The Hemochromatosis DNA Test helps determine your risk of hereditary hemochromatosis, a condition that leads to excessive iron absorption. This test identifies the most common mutations in the HFE gene (C282Y, H63D, and S65C) associated with the condition. Early detection can empower you to make informed health and lifestyle choices to manage your risk.

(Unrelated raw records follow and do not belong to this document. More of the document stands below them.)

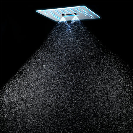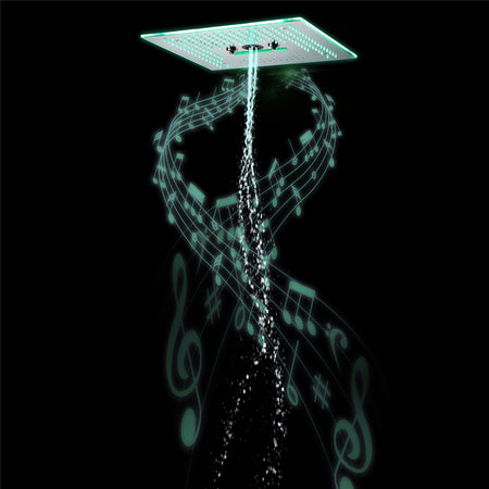 Upgrade your shower routine with our brushed nickel flushed mounted 16'' x 16'' shower head. With its stunning LED lights, versatile shower modes, high-quality construction, remote panel control, and integrated Bluetooth speaker, this shower head offers a luxurious and immersive bathing experience.
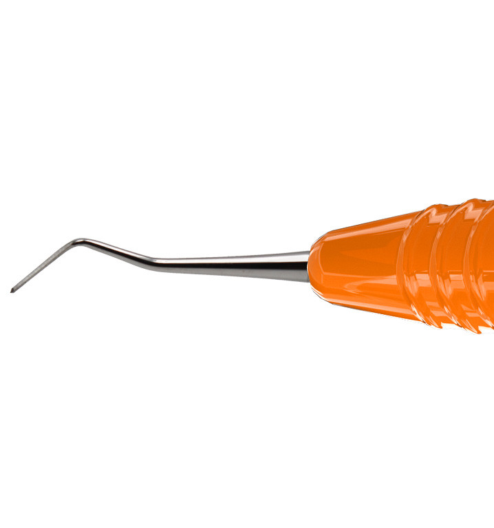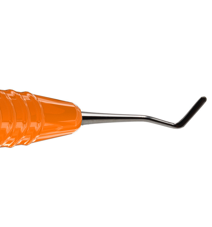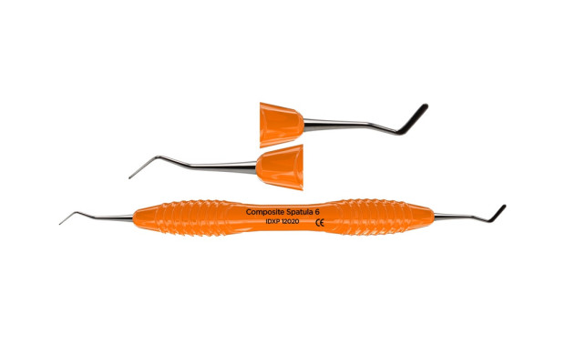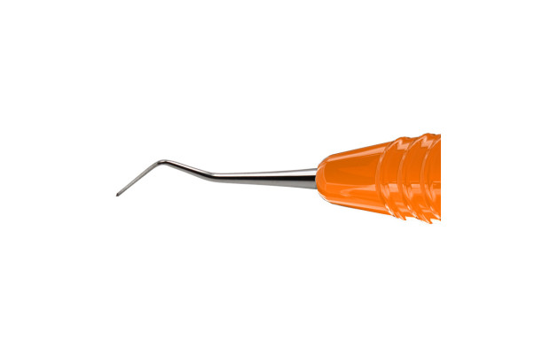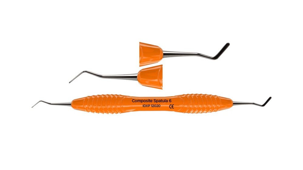 Dubbeländat planinstrument av rostfritt stål för modellering och placering av tandfyllnadsmaterial. Ergonomiskt silikonhandtag, Ø 13,5mm. Innehåll: 1st
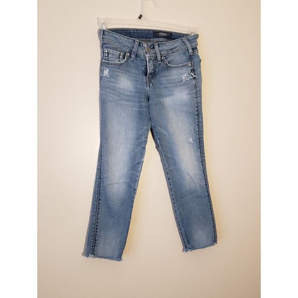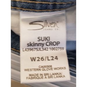 Ladies, rock the scene with Women's Silver Jeans Co. Suki Skinny Crop in a sweet W26/L24, the epitome of chic comfort. This light blue dream is your style anthem, seamlessly blending sass and class. From sunrise to sunset, these jeans are your ticket to turning heads and making memories. Elevate your strut, darling!
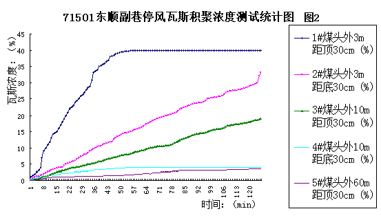 第一組試驗(yàn):在二礦71501東順副巷炮掘工作面進(jìn)行了停風(fēng)瓦斯?jié)舛扔^測(cè)試驗(yàn):盲巷長(zhǎng)度70m,3:45引爆裝有40塊藥的8個(gè)拉槽炮,4:00將事先備好的5枚40%的瓦斯傳感器設(shè)置到預(yù)定位置,隨即停止送風(fēng)126分鐘觀測(cè)瓦斯?jié)舛茸兓?/span>
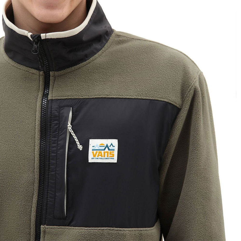 Made with 100% polyester polar fleece, this comfortable zip-up sweatshirt features contrasting pocket and neck details and a simple mountain range logo label at left chest.
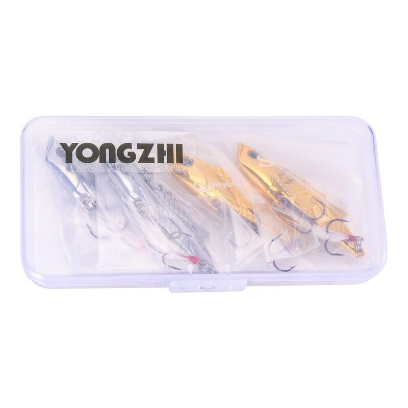 YONGZHI Fishing Lures Metal VIB Hard Spinner Blade Baits with Feathers Treble Hooks for Bass Walleyes Trout Fishing Spoons (Silver and Gold)

  • Detect common HFE gene mutations linked to hereditary hemochromatosis.
  • Easy, at-home sample collection using a painless mouth swab.
  • Access your results securely online, with complete privacy.

Summary

Understand Your Risk of Hemochromatosis

Hemochromatosis is a hereditary condition where your body absorbs too much iron from food. This excess iron builds up, potentially damaging your organs. Common symptoms include fatigue, joint pain, and abdominal pain. Left untreated, it can lead to liver disease, heart problems, and diabetes.

Early Detection is Key

Many people with hemochromatosis don’t realize it. Symptoms are often subtle or mistaken for other conditions. But, early detection is crucial. If you have a family history of hemochromatosis, or are experiencing unexplained symptoms, it pays to know your risk.

How Does the Hemochromatosis DNA Test Work?

The DNA Family Check Hemochromatosis DNA Test identifies three mutations in the HFE gene linked to hemochromatosis:

  • C282Y: The primary mutation associated with severe symptoms of hemochromatosis, prevalent in approximately 85% of cases.
  • H63D & S65C: These mutations also contribute to hemochromatosis risk, albeit with generally milder symptoms compared to C282Y.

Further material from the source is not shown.